Take the material below and reproduce, word for word, only the lines from the line with "約有1,400名員工加入「中" through the line with "Captain Yvon - Hom project".

[[ LISTED RECORDS open ]]

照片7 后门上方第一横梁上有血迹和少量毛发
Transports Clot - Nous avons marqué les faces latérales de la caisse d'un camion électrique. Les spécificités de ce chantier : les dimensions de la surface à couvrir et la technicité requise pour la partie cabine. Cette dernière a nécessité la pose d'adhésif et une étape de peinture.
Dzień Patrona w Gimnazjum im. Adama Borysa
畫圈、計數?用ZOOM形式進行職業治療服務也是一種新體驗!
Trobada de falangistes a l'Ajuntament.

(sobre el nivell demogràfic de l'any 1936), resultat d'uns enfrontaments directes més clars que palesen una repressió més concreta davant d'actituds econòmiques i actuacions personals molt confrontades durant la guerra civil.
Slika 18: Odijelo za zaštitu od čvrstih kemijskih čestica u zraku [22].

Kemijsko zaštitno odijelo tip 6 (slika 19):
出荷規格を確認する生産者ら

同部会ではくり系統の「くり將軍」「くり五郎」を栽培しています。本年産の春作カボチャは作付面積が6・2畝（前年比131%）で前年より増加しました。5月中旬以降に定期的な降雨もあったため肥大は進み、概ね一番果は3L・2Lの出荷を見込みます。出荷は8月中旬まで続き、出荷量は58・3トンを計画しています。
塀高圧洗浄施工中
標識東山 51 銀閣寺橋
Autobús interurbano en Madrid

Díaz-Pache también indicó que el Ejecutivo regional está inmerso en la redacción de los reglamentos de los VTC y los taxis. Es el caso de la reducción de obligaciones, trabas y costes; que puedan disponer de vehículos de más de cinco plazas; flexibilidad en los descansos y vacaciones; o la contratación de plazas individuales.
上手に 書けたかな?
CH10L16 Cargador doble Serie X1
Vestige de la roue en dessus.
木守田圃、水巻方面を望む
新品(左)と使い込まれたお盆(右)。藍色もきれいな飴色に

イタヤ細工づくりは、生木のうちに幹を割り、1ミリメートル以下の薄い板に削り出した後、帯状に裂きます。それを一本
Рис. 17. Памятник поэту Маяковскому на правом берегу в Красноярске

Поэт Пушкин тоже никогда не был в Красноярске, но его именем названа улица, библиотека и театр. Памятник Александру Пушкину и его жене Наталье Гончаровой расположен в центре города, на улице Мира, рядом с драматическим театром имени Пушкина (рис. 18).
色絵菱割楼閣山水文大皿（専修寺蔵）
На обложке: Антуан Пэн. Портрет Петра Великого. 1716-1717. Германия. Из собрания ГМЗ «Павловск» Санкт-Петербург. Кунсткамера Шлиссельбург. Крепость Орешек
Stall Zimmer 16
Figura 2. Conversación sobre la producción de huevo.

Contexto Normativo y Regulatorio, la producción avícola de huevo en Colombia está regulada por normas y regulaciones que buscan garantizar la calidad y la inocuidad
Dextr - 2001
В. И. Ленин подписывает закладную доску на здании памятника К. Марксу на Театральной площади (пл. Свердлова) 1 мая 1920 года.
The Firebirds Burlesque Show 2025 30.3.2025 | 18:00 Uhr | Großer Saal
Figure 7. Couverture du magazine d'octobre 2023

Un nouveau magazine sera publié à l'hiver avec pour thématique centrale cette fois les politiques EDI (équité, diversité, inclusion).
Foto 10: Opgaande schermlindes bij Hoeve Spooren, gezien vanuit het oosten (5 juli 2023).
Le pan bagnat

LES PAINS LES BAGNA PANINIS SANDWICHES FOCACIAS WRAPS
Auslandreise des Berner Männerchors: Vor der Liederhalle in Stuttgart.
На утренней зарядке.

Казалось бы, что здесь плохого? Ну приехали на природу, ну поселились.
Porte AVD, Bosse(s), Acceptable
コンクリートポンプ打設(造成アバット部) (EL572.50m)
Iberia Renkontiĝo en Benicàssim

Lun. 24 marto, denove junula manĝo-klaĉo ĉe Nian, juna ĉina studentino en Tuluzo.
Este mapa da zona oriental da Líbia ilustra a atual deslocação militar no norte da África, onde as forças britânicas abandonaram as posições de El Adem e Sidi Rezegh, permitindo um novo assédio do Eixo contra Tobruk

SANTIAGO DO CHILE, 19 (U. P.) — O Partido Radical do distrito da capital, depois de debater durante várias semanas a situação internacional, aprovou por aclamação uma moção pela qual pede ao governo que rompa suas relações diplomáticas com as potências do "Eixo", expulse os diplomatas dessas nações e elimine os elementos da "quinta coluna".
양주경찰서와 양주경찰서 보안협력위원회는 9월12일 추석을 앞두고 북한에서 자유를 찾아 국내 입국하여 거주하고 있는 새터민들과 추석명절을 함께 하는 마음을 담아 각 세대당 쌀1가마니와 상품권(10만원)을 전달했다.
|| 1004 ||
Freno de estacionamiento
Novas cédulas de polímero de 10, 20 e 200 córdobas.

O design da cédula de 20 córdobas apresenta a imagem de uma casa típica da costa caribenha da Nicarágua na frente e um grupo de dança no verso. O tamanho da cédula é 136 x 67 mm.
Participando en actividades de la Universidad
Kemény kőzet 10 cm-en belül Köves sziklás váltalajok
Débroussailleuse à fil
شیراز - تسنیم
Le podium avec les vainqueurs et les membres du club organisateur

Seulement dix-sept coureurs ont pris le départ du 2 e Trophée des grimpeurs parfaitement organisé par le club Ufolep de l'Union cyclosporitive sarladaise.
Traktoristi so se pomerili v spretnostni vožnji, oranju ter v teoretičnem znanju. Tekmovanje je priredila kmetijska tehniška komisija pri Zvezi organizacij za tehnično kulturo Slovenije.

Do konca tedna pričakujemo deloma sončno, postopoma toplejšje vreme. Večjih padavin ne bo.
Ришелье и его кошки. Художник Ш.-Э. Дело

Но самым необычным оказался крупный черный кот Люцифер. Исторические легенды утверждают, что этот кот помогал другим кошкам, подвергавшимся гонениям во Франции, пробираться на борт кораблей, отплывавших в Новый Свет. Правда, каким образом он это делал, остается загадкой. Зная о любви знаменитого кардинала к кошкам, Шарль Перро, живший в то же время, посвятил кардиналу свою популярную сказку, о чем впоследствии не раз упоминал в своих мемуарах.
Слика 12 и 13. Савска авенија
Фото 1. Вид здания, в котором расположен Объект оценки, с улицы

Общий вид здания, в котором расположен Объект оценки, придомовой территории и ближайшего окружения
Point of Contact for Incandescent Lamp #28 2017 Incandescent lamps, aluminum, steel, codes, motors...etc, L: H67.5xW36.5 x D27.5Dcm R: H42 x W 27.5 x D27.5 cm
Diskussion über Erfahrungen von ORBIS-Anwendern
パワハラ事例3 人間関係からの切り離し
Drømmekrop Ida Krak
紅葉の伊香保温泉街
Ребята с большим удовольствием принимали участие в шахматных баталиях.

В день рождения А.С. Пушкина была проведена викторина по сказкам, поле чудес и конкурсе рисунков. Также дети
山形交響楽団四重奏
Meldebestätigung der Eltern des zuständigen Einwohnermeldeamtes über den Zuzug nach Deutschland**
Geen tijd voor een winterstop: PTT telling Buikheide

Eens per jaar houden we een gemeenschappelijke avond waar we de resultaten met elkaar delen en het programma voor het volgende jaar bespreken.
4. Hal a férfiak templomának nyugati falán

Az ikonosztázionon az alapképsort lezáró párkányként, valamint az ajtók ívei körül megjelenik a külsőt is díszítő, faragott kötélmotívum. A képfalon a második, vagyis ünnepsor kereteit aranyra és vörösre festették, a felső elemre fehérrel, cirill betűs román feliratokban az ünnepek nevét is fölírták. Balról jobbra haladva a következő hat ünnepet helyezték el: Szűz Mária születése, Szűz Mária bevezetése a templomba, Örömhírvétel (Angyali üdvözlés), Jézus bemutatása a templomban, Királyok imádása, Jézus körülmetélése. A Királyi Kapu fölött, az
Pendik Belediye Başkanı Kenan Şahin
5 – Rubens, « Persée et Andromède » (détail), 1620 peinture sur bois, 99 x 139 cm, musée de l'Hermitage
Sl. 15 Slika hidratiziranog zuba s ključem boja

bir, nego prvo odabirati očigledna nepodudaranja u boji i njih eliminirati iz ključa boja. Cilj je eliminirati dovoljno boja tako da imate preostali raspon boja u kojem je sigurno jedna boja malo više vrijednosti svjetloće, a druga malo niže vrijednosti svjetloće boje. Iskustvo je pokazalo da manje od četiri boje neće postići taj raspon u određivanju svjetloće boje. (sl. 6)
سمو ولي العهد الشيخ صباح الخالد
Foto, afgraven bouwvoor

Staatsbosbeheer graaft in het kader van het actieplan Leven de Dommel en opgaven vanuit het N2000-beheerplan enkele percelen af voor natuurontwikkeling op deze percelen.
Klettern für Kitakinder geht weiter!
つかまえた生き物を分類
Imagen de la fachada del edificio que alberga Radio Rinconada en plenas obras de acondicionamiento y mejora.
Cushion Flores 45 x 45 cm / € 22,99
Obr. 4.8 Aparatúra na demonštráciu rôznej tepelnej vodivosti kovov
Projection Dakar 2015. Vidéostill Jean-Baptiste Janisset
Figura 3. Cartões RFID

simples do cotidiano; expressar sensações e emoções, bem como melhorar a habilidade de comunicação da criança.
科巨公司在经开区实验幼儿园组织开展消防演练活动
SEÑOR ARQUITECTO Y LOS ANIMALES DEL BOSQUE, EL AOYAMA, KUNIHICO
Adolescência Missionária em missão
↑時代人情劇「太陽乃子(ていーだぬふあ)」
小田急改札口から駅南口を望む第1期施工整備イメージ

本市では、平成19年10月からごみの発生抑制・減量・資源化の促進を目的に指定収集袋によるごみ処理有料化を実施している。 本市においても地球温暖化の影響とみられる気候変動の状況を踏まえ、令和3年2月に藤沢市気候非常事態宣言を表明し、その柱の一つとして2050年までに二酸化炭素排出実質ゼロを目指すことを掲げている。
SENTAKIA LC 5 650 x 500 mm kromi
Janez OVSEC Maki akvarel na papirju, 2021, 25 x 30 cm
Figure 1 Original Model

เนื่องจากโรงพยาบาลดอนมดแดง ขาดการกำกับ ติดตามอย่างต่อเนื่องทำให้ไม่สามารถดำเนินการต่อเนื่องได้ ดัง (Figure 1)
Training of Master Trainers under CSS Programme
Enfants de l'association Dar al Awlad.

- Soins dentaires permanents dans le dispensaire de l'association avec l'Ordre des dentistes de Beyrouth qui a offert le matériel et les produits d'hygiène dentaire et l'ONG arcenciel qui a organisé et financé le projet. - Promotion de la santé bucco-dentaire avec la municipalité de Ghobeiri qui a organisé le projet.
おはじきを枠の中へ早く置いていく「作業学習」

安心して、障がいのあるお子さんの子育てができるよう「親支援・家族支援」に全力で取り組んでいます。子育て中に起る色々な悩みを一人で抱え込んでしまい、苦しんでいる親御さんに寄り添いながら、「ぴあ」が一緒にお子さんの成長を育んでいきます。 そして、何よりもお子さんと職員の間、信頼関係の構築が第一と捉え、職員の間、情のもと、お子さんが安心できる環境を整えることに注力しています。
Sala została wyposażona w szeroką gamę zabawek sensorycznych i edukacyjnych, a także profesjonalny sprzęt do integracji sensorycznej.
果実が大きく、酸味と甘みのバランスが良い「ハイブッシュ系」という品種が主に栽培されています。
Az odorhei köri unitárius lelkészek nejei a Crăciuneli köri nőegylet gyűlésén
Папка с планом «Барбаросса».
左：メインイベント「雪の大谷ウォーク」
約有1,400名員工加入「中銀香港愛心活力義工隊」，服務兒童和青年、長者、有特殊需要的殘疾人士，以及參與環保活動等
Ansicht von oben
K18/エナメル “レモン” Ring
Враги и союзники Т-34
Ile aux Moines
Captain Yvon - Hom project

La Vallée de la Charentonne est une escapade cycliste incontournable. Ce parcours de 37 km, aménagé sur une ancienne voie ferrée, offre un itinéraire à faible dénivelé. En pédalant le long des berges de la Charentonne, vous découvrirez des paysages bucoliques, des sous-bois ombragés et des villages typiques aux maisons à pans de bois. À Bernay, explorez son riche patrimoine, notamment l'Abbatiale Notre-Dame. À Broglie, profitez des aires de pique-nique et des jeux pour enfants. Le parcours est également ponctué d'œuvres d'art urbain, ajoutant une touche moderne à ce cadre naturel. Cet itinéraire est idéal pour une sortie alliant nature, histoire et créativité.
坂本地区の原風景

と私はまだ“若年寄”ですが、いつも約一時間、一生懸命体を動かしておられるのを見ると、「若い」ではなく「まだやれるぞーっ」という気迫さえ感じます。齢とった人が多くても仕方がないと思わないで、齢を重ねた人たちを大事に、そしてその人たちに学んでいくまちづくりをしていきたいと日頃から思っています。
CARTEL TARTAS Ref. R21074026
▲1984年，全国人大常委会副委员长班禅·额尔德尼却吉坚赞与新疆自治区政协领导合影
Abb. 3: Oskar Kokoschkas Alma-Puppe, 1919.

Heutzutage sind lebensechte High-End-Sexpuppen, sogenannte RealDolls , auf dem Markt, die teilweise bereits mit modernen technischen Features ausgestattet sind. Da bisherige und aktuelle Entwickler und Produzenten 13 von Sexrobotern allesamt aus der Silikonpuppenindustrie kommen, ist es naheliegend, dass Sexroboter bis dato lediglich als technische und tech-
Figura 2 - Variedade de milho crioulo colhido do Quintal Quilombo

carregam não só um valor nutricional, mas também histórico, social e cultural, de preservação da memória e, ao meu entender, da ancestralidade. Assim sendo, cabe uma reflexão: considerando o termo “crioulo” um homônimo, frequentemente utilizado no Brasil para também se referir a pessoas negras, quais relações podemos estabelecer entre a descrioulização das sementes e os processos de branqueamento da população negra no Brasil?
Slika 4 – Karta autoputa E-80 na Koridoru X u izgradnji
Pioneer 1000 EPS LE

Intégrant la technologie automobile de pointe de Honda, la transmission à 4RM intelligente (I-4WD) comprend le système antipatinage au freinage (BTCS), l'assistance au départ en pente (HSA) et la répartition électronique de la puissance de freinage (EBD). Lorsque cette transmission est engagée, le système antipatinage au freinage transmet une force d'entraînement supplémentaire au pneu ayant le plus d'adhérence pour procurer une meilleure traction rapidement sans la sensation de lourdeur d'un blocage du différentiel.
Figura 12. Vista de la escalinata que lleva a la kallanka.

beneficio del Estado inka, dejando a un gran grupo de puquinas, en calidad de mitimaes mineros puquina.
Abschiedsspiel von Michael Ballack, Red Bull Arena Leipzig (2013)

[[ LISTED RECORDS closed ]]

EXPECTED ANSWER:
約有1,400名員工加入「中銀香港愛心活力義工隊」，服務兒童和青年、長者、有特殊需要的殘疾人士，以及參與環保活動等
Ansicht von oben
K18/エナメル “レモン” Ring
Враги и союзники Т-34
Ile aux Moines
Captain Yvon - Hom project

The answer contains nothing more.